→ **Aim of the exercise**
From the line that contains "Jeśli spojrzymy na" down to the last line of the data below, restate every line word for word, skipping any images.

→ **Material provided**

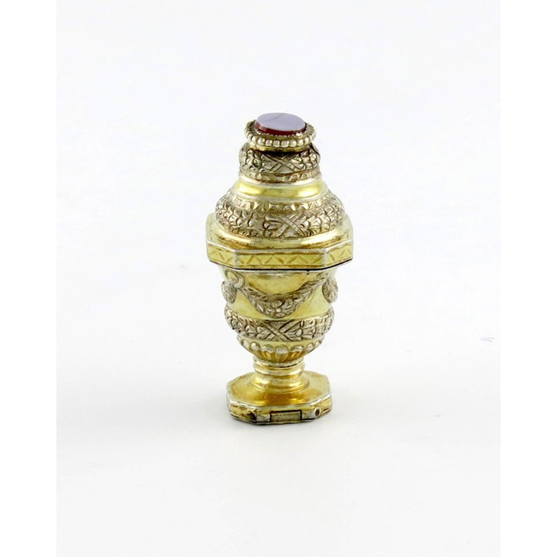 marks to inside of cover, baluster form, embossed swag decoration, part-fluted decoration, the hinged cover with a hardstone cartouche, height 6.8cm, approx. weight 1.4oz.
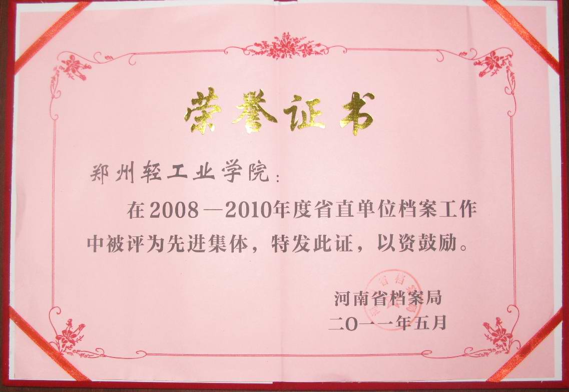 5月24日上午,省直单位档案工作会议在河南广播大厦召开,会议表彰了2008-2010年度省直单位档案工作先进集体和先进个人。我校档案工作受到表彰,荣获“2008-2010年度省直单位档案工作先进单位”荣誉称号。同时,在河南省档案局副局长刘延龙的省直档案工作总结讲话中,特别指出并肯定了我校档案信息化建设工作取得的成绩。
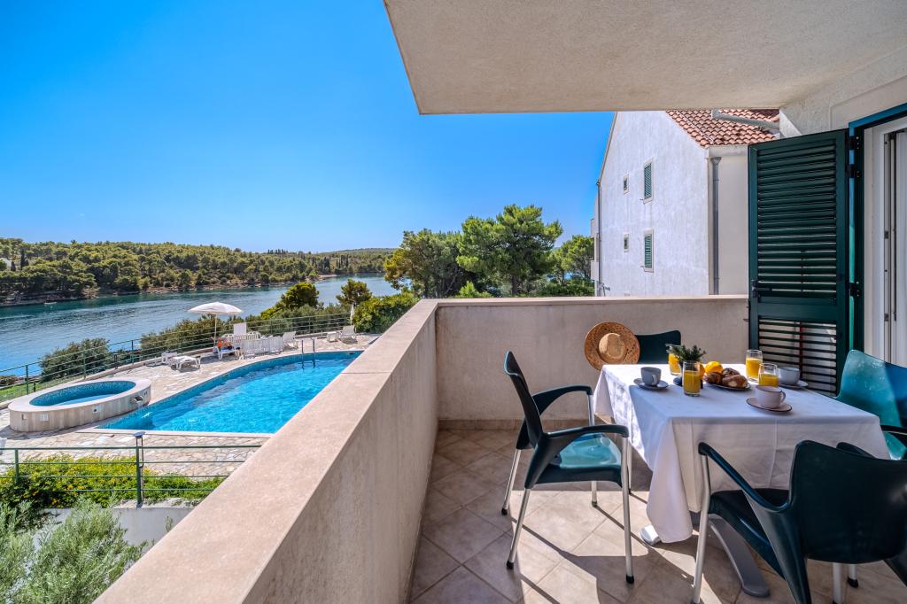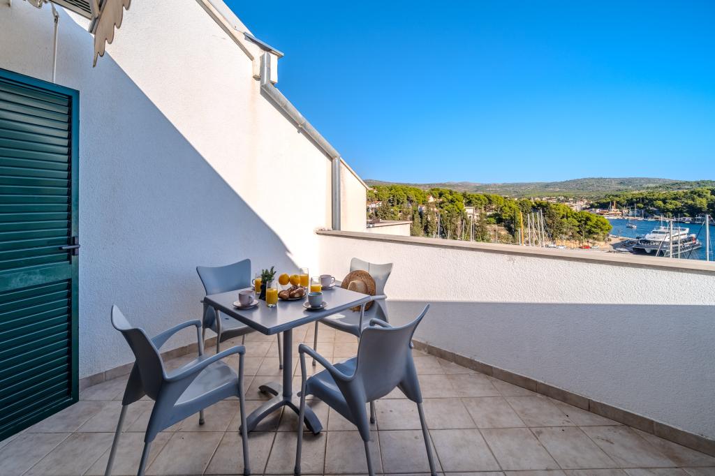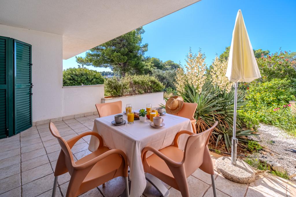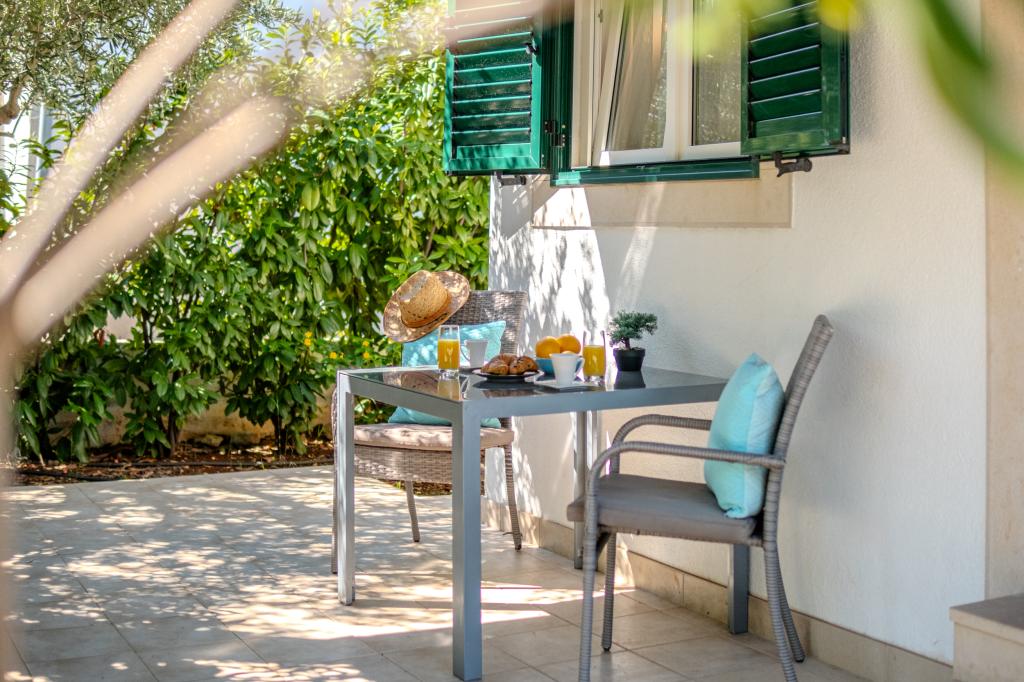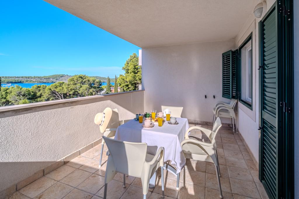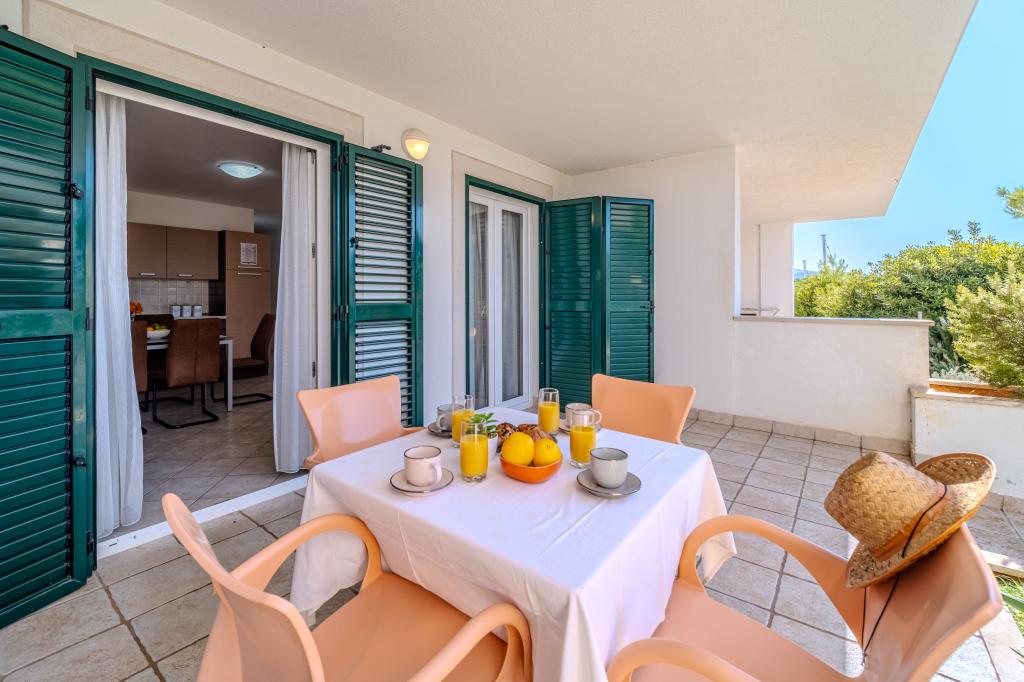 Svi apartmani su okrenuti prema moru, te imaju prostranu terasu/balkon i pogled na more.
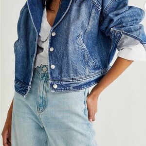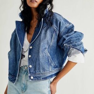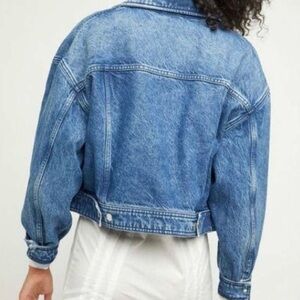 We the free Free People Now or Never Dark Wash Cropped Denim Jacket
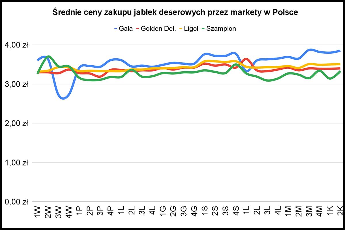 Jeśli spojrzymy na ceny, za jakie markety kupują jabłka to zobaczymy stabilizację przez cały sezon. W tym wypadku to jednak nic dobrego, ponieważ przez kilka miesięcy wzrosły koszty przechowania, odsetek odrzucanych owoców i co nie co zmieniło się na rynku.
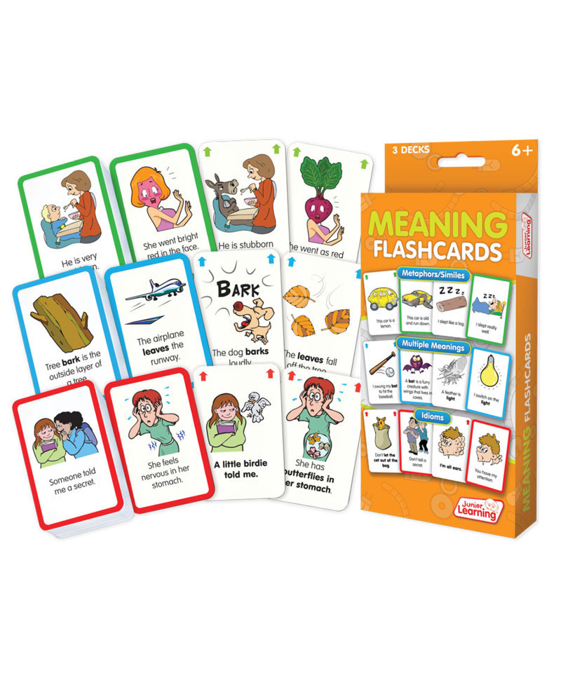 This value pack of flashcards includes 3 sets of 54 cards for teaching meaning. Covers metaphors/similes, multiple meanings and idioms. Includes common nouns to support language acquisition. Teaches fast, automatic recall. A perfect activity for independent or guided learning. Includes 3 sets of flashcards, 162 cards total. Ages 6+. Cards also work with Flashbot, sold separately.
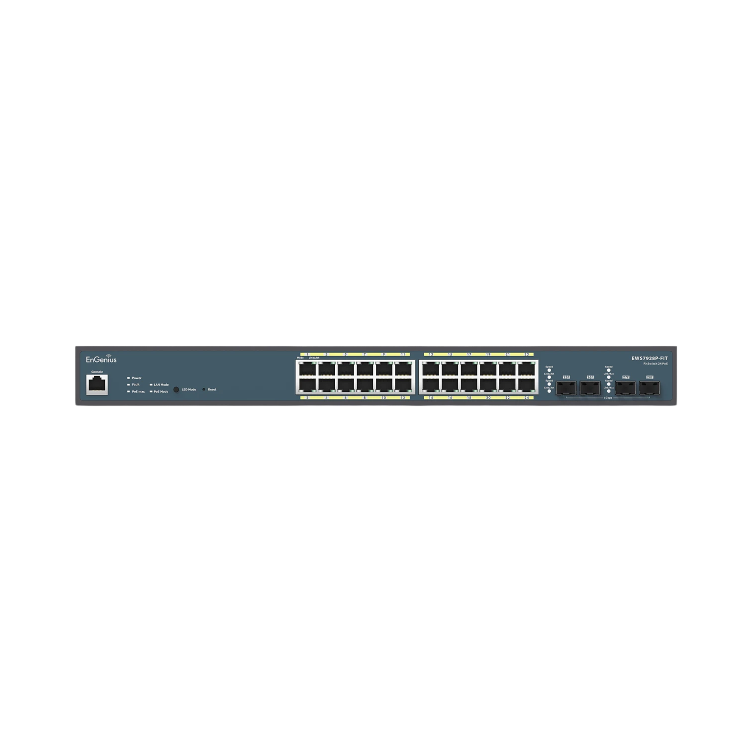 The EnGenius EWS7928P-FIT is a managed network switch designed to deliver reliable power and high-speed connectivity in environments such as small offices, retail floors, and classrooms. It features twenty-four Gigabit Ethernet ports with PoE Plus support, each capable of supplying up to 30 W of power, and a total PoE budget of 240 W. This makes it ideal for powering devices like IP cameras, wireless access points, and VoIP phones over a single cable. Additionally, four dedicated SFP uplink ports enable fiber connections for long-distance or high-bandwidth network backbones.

→ **Result**
 Jeśli spojrzymy na ceny, za jakie markety kupują jabłka to zobaczymy stabilizację przez cały sezon. W tym wypadku to jednak nic dobrego, ponieważ przez kilka miesięcy wzrosły koszty przechowania, odsetek odrzucanych owoców i co nie co zmieniło się na rynku.
 This value pack of flashcards includes 3 sets of 54 cards for teaching meaning. Covers metaphors/similes, multiple meanings and idioms. Includes common nouns to support language acquisition. Teaches fast, automatic recall. A perfect activity for independent or guided learning. Includes 3 sets of flashcards, 162 cards total. Ages 6+. Cards also work with Flashbot, sold separately.
 The EnGenius EWS7928P-FIT is a managed network switch designed to deliver reliable power and high-speed connectivity in environments such as small offices, retail floors, and classrooms. It features twenty-four Gigabit Ethernet ports with PoE Plus support, each capable of supplying up to 30 W of power, and a total PoE budget of 240 W. This makes it ideal for powering devices like IP cameras, wireless access points, and VoIP phones over a single cable. Additionally, four dedicated SFP uplink ports enable fiber connections for long-distance or high-bandwidth network backbones.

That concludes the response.